The mule deer buck in our wildlife camera photo is an animal that does well on a plant-based diet.  Herbivores like this deer have all kinds of adaptations to that carbohydrate-based fibrous diet.  Adaptations we don’t have.  We let deer and their bigger herbivore brethren digest the plants, then we ate the herbivores.  Technically, we’re omnivores.  There are plenty of plant products we can eat and get good nutritional value, but they need to be the easy to digest parts of the plants–fruits, berries, nuts, and some leafy and/or starchy materials, often heated to soften them enough for our small teeth to chew.

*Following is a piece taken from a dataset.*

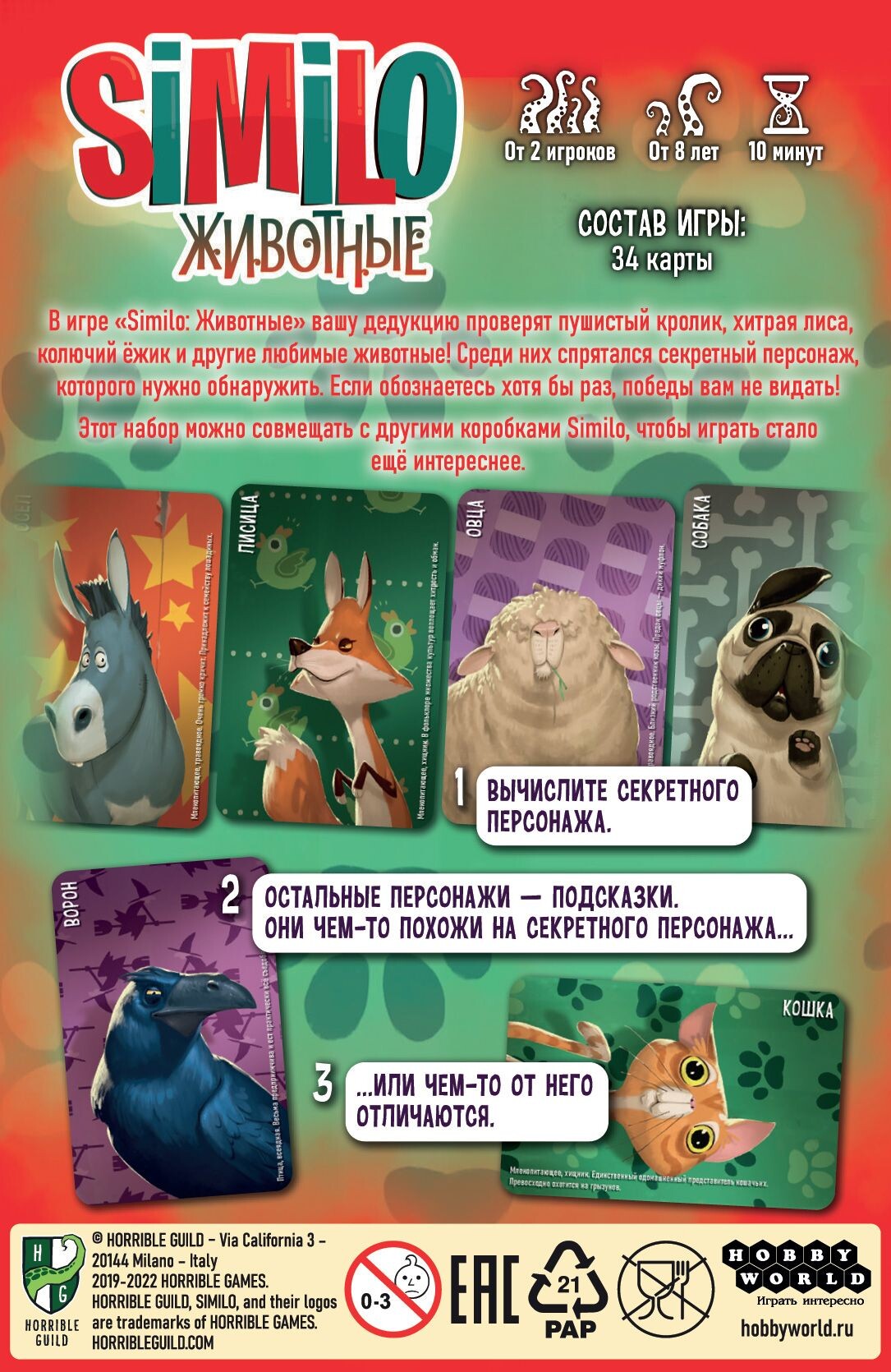 Новый выпуск красочной викторины на угадывание познакомит игроков с различными лесными жителями. Выложив двенадцать карт на стол, один из игроков загадает персонажа, после чего начнет давать другим участникам подсказки, вытаскивая новые карты из колоды. Если у выложенной карты есть что-то общее, он положит подсказку вертикально, а если есть различия, - то горизонтально. Игроки могут совещаться, и убирать со стола неподходящих, по их мнению, персонажей. Но если они уберут искомую карту, то сразу проиграют.

  1. Your body can only store energy as fat, except for a tiny buffer of glycogen derived from glucose.  If what you eat has more proteins, sugars, or fats than your body can use in the short term, it has to store it somewhere or dump it in your urine, which can happen when there’s way too much glucose in your blood stream if one is diabetic.
  2. Your body doesn’t count calories in food and drink.  Yes, you can count them, but your body doesn’t know or care.  Sugar, fats, and proteins are each processed by very different metabolic pathways.  Typically, if you don’t eat enough food to sustain your normal metabolism, your body will respond as if you’re being starved to death, which complicates a one-dimensional calorie restriction diet.
  3. If you eat the mix of foods that’s normal for your species, your body will adjust appetite, intake, and activity levels to sustain a normal body composition.  Not too fat, not too thin.  Healthier, too.
  4. Your body processes different foods differently.  For example, if you eat food with a lot of sugar or carbohydrates that digest quickly to sugar, your body is wired to keep eating until the sugar is gone and to make as much of the sugar into fat as possible.  If you eat a high fat diet with very little sugars, you’re wired to eat less.
  5. If you eat foods that aren’t normal for your kind of animal, your body will respond in strange ways.  Depending on where your genetic weak points are, you may get sick in ways that used to be pretty unusual before the 20th Century.  Obesity, diabetes, heart disease, cancer, dementia, depression, and other problems come to mind.
  6. Food and drink with a lot of sugar or carbohydrates that become sugar quickly are the worst.  Sugar will make you sick over time, the only question is what form the sickness takes.
  7. The temperate zone vegetable oils like soy, corn, canola, etc. aren’t normal either.  Hydrogenated or heated, they’re downright toxic to any kind of animal.  Practically all fried foods are cooked in these oils today.
  8. Strangely enough, what’s seems optimal for the human animal is food with a high fat content, from animals, nuts, and some tropical vegetable oils like coconuts.  See Biology.
  9. High carbohydrate diets can be OK if the carbohydrates come from sources that digest more slowly than modern processed foods do.  Tolerance varies depending on the person’s genetic makeup.
  10. Exercise doesn’t matter very much if you are eating the wrong foods for your kind of animal.  You can still get sick.
  11. Exercise helps your body function normally if you’re eating the normal foods for your species.  There’s a synergistic effect.